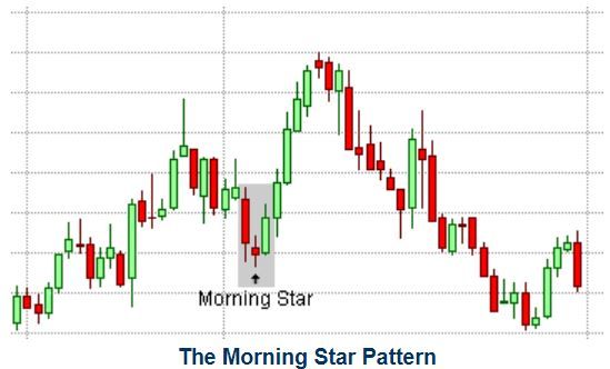 Ngôi sao buổi sáng là một mô hình đáy đảo chiều tăng, ngược lại với ngôi sao buổi tối. Nó cảnh báo sự yếu kém trong một xu hướng giảm có khả năng dẫn đến sự đảo ngược xu hướng. Ngôi sao buổi sáng bao gồm ba chân nến với chân nến ở giữa tạo thành một ngôi sao. Nến đầu tiên trong mô hình ngôi sao buổi sáng phải là một nến giảm với thân thật tương đối lớn. Nến thứ hai là ngôi sao, có thân ngắn được tách ra khỏi cơ thể thực của nến đầu tiên. Khoảng cách giữa các phần thân thực sự của hai chân nến phân biệt một ngôi sao với một nến doji hoặc một spinning top. Ngôi sao không cần hình thành dưới mức thấp của nến đầu tiên và có thể tồn tại trong bóng dưới của nến đó. Ngôi sao là dấu hiệu đầu tiên của sự yếu kém vì nó chỉ ra rằng người bán không thể lái giá gần thấp hơn nhiều so với mức đóng cửa của giai đoạn trước. Điểm yếu này được xác nhận bởi nến thứ ba, phải là nến tăng và phải gần với thân nến thứ nhất.
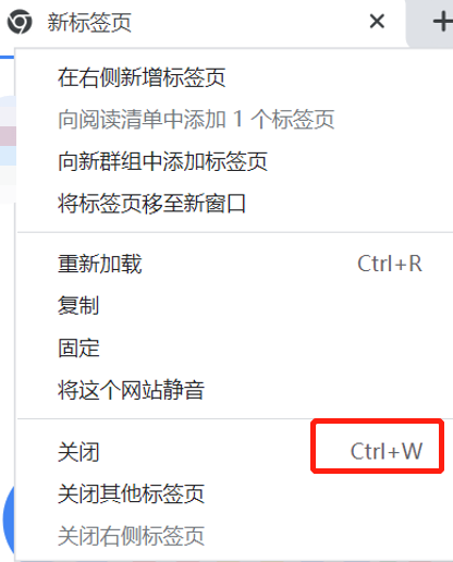 比如Google Chrome和微软的Edge浏览器,关闭当前页的快捷键都是Ctrl+W,这个可以右键单击浏览器页面顶部标签查看:
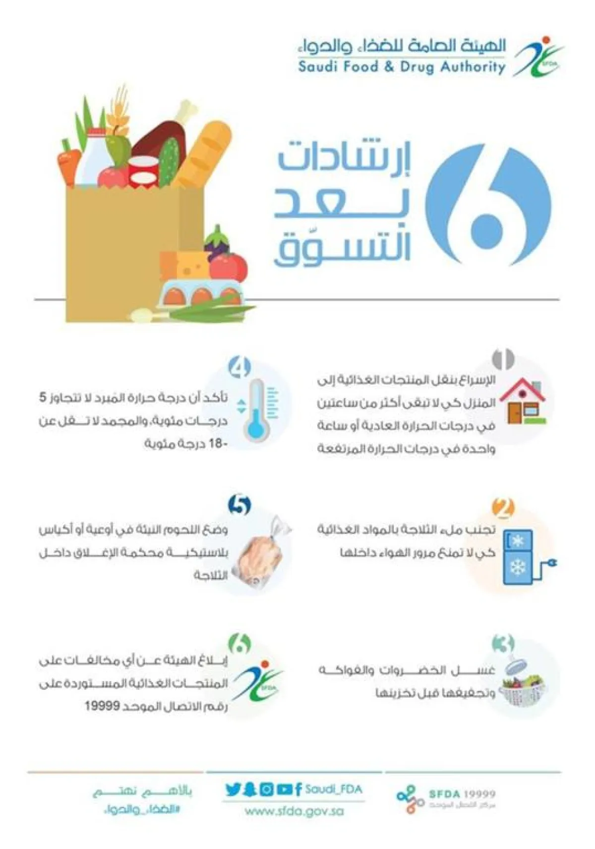 ونصحت الهيئة باتباع عددٍ من الإرشادات لضمان سلامة الأغذية بعد التسوق، منها، "الإسراع بنقلها إلى المنزل، وتجنب ملء الثلاجة بشكل يمنع مرور الهواء بداخلها، وغسل الخضراوات والفواكه وتجفيفها قبل تخزينها".
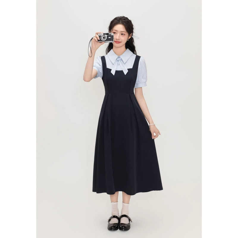 カレッジスタイルのリボン半袖ドレス女性のための 2025 夏の新しいフォレストスタイルの偽ツーピースウエストシャツドレス
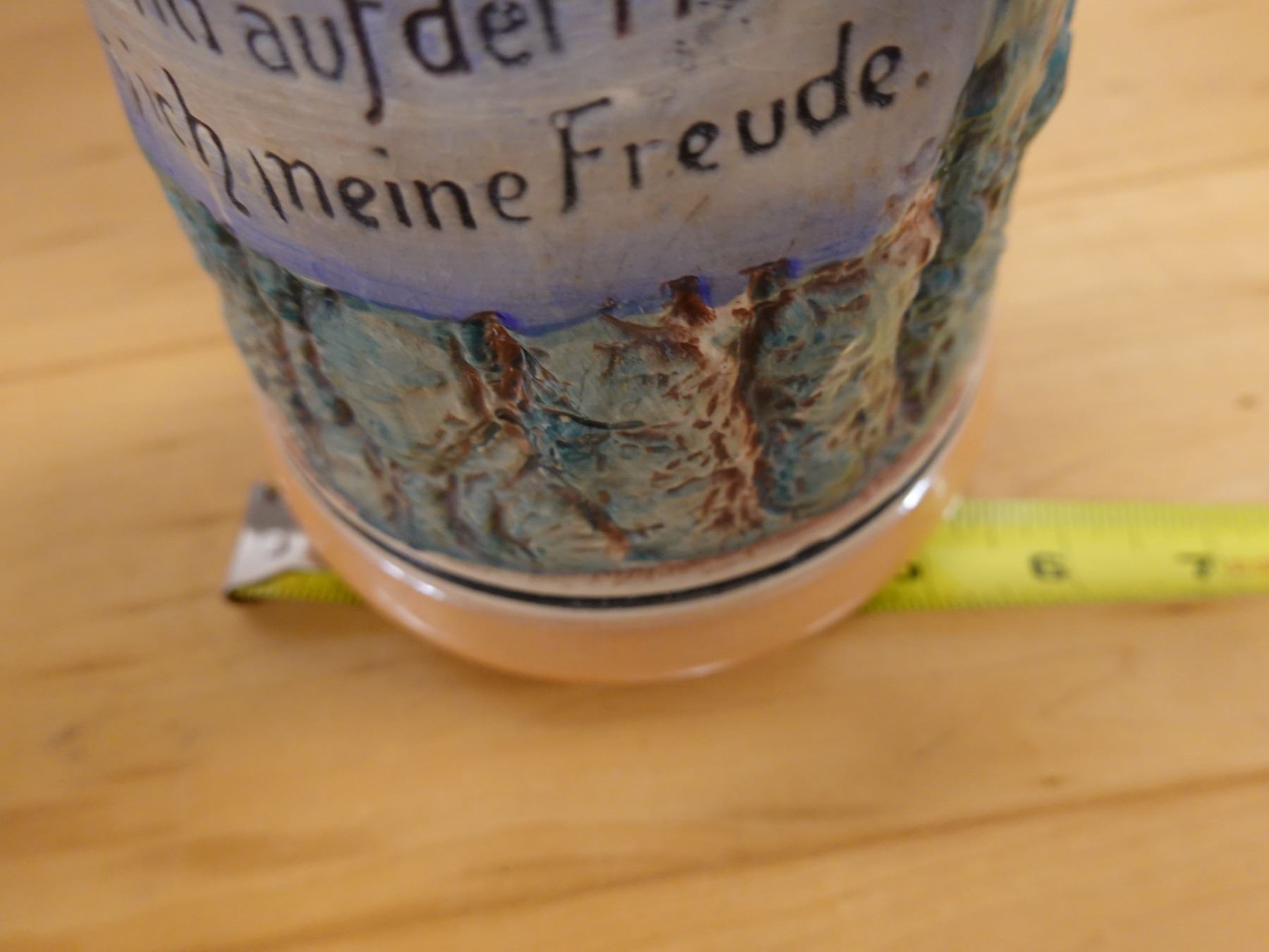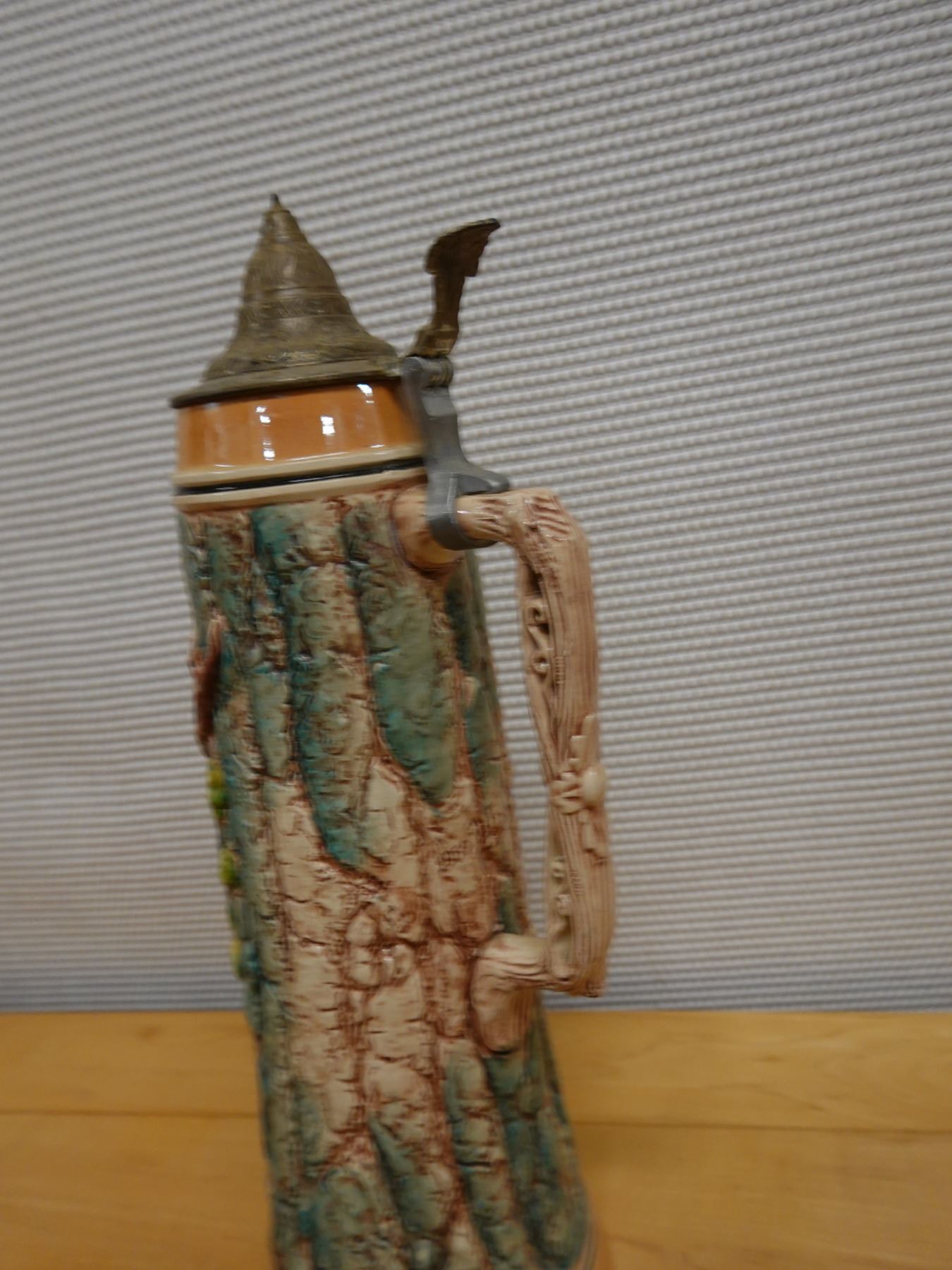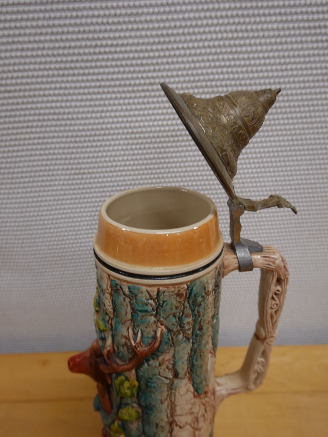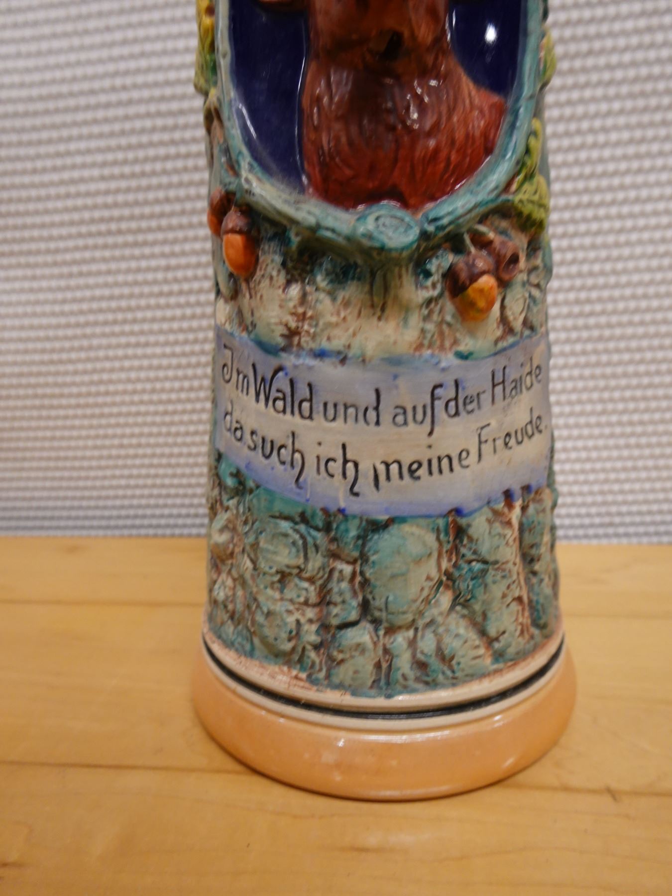Large German Beer Stein w/ Lid, Maker's Mark & Deer Motif 5.5" Dia x 16.5"H
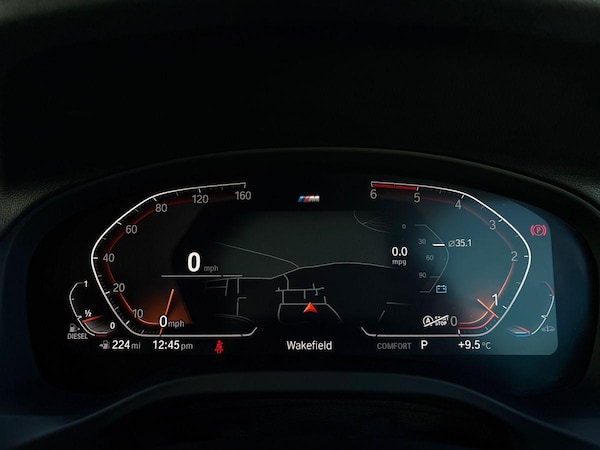 ..Active Guard incl speed limiting and lane departure functions with auto steering, and front collision warning with brake intervention, Attentiveness assist, Auto start-stop, Automatic tailgate operation, BMW Live Cockpit Professional sat nav system including 10.25'' high resolution display and Intelligent Voice Assistant, BMW Online services, BMW professional navigation with 10.25'' touch display, BMW remote services, BMW Teleservices, Brake pad wear indicator in front and rear, Check Control warning system for monitoring of lights and door/luggage compartment open warning, Condition based service, Exterior temperature gauge, iDrive Controller with 8 favourite buttons, Instrument cluster with speedometer with mph readout, tachometer, fuel gauge and oil temperature gauge, Keyless ignition with push button start, Lights on warning, On board computer, Optimum shift indicator, Personal Profile, RTTI - Real time traffic information, Run flat indicator, Service interval indicator, Speed limiter, Trip computer, Variable sports power steering, Diesel particulate filter, Drive performance control with ECO PRO comfort + sport mode, M sport suspension, Performance Control, Bluetooth audio streaming, DAB Digital radio, Acoustic glass, Body colour door handles, Body colour mirror caps, Body colour roof mouldings, Body coloured bumpers, Chrome kidney grille with black vertical slats, Direction indicator side lights integrated exterior mirrors, Dual chrome exhaust, Dynamic brake lights, Exterior mirrors - electrically folding with anti-dazzle, Fingertip control / anti-trap function on electric window, Front and rear bumper system, Front and rear electric windows, Green tinted heat insulating glass, Heated windscreen washer jets, High gloss black door sill finishers, Interior rear view electrochromatic mirror with automatic anti dazzle function, LED daytime running lights, LED fog lights, LED High level third brake light, LED Indicators, LED tail lights, M aerodynamic bodystyling, Rain sensor including auto headlights activation, Shark fin antenna, Visible VIN plate, Welcome light carpet, Windscreen wipers with adjustable interval, 3 zone automatic air conditioning, Ambient lighting, Anthracite headlining, Bottle holders integrated into door, Cupholders in centre console, Driver/passenger sunvisors with ticket holders + illuminated vanity mirrors, Front and rear door armrests, Front centre armrest with storage compartment, Front cupholders x 2, Front footwell lights,
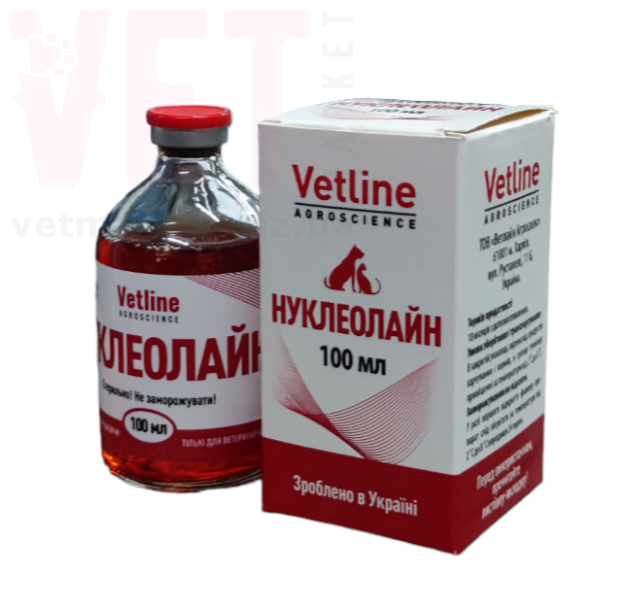 Собакам и котам Нуклеолайн применяется для увеличения прироста у молодняка и мышечной массы у взрослых животных, для восстановления и улучшения шерстяного покрова при кожных заболеваниях, затяжной линьке и у выставочных животных. Кроме того, Нуклеолайн применяется при хронических заболеваниях – отите, экземе, депматите, фурункулезе и др., отставании в росте и развитии, гипотрофии, а также для повышения резистентности организма.

+++++

• **TASK TO COMPLETE**
Copy everything above from the line holding "カレッジスタイルのリボン半袖ドレス女性のための 2025 夏の新しいフォレストスタイルの偽ツーピースウエストシャツドレス" down to the line holding "Large German Beer", both ends included, exactly as it stands and without the pictures.

• **WRITTEN SOLUTION**
 カレッジスタイルのリボン半袖ドレス女性のための 2025 夏の新しいフォレストスタイルの偽ツーピースウエストシャツドレス
Large German Beer Stein w/ Lid, Maker's Mark & Deer Motif 5.5" Dia x 16.5"H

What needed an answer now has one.